> COLLECTED DATA
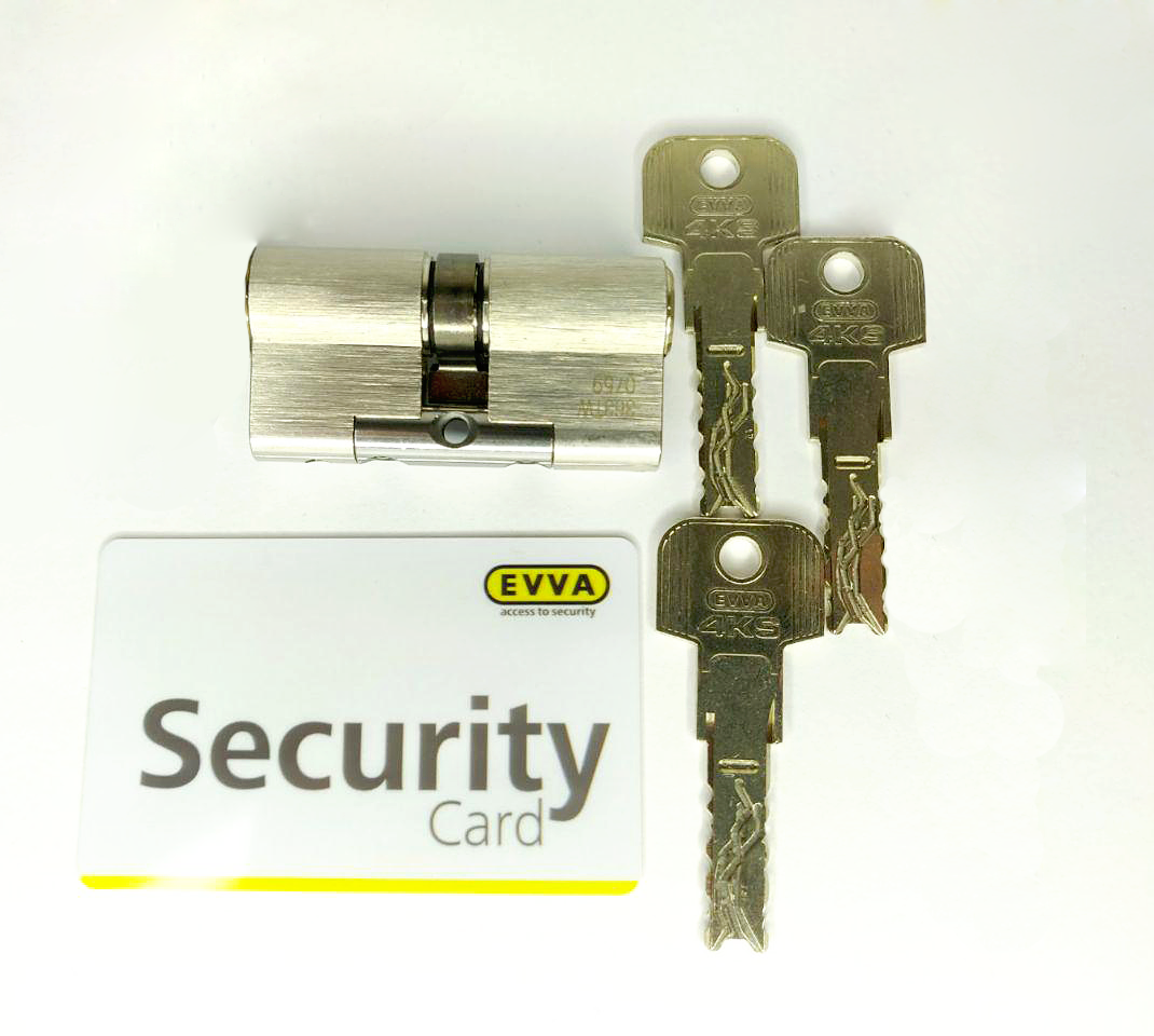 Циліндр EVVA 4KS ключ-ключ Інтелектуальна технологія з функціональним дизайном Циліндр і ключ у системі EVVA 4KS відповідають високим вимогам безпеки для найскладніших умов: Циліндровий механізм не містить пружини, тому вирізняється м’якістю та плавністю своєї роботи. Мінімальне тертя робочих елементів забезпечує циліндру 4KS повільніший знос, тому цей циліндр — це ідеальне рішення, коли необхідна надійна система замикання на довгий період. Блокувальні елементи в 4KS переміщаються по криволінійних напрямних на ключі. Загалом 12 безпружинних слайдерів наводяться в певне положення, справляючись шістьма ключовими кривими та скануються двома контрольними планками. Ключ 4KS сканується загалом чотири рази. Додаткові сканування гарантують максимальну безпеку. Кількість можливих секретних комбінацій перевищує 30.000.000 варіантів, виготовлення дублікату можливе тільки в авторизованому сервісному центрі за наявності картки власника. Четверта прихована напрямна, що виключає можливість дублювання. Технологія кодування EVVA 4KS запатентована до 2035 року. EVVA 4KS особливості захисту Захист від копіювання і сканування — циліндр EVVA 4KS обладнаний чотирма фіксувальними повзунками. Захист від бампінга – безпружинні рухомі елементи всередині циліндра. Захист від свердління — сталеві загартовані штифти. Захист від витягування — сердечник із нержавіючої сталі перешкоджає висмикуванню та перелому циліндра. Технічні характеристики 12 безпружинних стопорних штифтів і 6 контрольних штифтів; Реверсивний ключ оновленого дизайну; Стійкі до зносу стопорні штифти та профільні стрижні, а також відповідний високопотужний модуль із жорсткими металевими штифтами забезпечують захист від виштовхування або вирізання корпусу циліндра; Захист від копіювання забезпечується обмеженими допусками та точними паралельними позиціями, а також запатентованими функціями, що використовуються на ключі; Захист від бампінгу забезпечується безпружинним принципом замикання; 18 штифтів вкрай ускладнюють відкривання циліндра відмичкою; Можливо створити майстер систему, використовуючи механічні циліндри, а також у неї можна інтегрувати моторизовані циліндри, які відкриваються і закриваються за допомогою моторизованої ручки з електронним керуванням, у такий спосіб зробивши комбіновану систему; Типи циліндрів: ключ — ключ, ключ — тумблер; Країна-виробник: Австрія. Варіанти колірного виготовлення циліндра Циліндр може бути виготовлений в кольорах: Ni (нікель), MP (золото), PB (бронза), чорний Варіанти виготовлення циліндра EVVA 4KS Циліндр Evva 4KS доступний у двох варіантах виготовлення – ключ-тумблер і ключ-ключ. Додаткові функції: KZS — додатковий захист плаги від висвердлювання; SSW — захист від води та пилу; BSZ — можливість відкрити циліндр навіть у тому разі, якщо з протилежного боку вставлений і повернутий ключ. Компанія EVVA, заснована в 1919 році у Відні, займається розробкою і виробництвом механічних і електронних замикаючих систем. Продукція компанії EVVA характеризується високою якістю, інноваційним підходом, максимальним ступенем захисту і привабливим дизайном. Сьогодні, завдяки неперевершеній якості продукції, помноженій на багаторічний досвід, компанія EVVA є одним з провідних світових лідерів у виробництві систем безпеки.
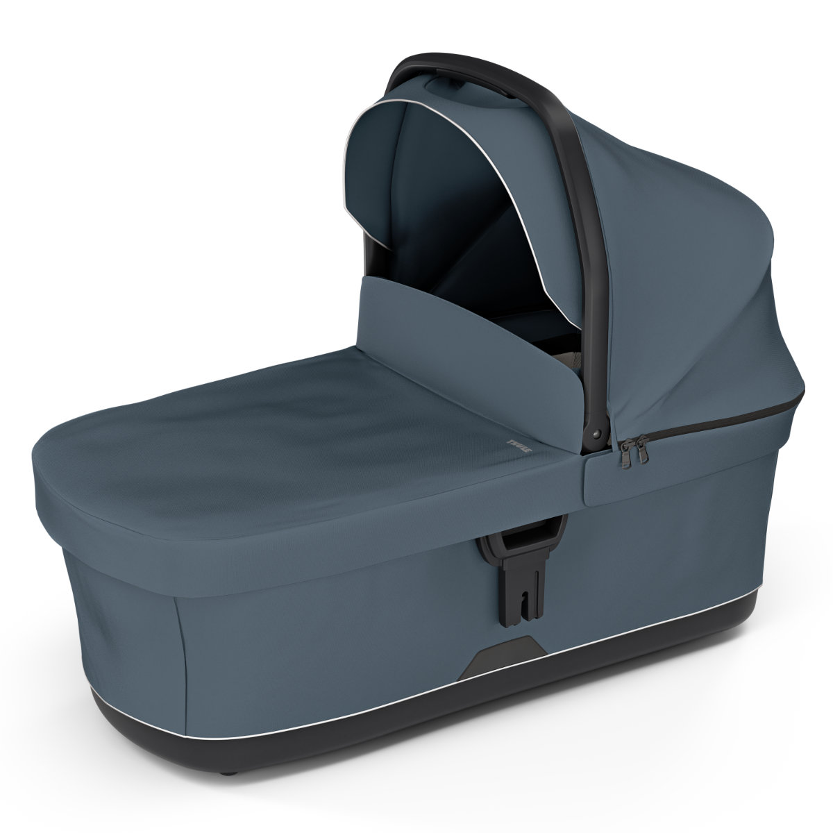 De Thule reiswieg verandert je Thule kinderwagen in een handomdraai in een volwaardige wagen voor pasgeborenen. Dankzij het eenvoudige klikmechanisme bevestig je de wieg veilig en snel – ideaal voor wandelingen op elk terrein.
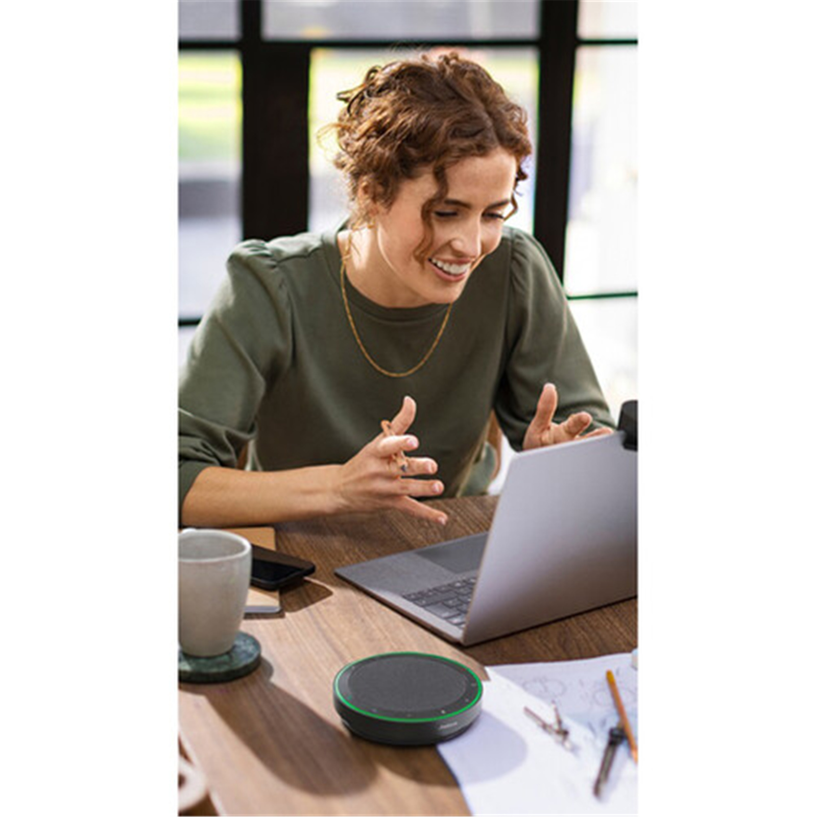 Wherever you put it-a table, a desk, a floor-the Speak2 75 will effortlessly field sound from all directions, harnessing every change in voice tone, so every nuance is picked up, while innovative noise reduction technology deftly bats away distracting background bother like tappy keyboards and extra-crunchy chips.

> YOUR INSTRUCTIONS
Return each line of the data, keeping its wording exact and omitting pictures.

> ANSWER BOX
 Циліндр EVVA 4KS ключ-ключ Інтелектуальна технологія з функціональним дизайном Циліндр і ключ у системі EVVA 4KS відповідають високим вимогам безпеки для найскладніших умов: Циліндровий механізм не містить пружини, тому вирізняється м’якістю та плавністю своєї роботи. Мінімальне тертя робочих елементів забезпечує циліндру 4KS повільніший знос, тому цей циліндр — це ідеальне рішення, коли необхідна надійна система замикання на довгий період. Блокувальні елементи в 4KS переміщаються по криволінійних напрямних на ключі. Загалом 12 безпружинних слайдерів наводяться в певне положення, справляючись шістьма ключовими кривими та скануються двома контрольними планками. Ключ 4KS сканується загалом чотири рази. Додаткові сканування гарантують максимальну безпеку. Кількість можливих секретних комбінацій перевищує 30.000.000 варіантів, виготовлення дублікату можливе тільки в авторизованому сервісному центрі за наявності картки власника. Четверта прихована напрямна, що виключає можливість дублювання. Технологія кодування EVVA 4KS запатентована до 2035 року. EVVA 4KS особливості захисту Захист від копіювання і сканування — циліндр EVVA 4KS обладнаний чотирма фіксувальними повзунками. Захист від бампінга – безпружинні рухомі елементи всередині циліндра. Захист від свердління — сталеві загартовані штифти. Захист від витягування — сердечник із нержавіючої сталі перешкоджає висмикуванню та перелому циліндра. Технічні характеристики 12 безпружинних стопорних штифтів і 6 контрольних штифтів; Реверсивний ключ оновленого дизайну; Стійкі до зносу стопорні штифти та профільні стрижні, а також відповідний високопотужний модуль із жорсткими металевими штифтами забезпечують захист від виштовхування або вирізання корпусу циліндра; Захист від копіювання забезпечується обмеженими допусками та точними паралельними позиціями, а також запатентованими функціями, що використовуються на ключі; Захист від бампінгу забезпечується безпружинним принципом замикання; 18 штифтів вкрай ускладнюють відкривання циліндра відмичкою; Можливо створити майстер систему, використовуючи механічні циліндри, а також у неї можна інтегрувати моторизовані циліндри, які відкриваються і закриваються за допомогою моторизованої ручки з електронним керуванням, у такий спосіб зробивши комбіновану систему; Типи циліндрів: ключ — ключ, ключ — тумблер; Країна-виробник: Австрія. Варіанти колірного виготовлення циліндра Циліндр може бути виготовлений в кольорах: Ni (нікель), MP (золото), PB (бронза), чорний Варіанти виготовлення циліндра EVVA 4KS Циліндр Evva 4KS доступний у двох варіантах виготовлення – ключ-тумблер і ключ-ключ. Додаткові функції: KZS — додатковий захист плаги від висвердлювання; SSW — захист від води та пилу; BSZ — можливість відкрити циліндр навіть у тому разі, якщо з протилежного боку вставлений і повернутий ключ. Компанія EVVA, заснована в 1919 році у Відні, займається розробкою і виробництвом механічних і електронних замикаючих систем. Продукція компанії EVVA характеризується високою якістю, інноваційним підходом, максимальним ступенем захисту і привабливим дизайном. Сьогодні, завдяки неперевершеній якості продукції, помноженій на багаторічний досвід, компанія EVVA є одним з провідних світових лідерів у виробництві систем безпеки.
 De Thule reiswieg verandert je Thule kinderwagen in een handomdraai in een volwaardige wagen voor pasgeborenen. Dankzij het eenvoudige klikmechanisme bevestig je de wieg veilig en snel – ideaal voor wandelingen op elk terrein.
 Wherever you put it-a table, a desk, a floor-the Speak2 75 will effortlessly field sound from all directions, harnessing every change in voice tone, so every nuance is picked up, while innovative noise reduction technology deftly bats away distracting background bother like tappy keyboards and extra-crunchy chips.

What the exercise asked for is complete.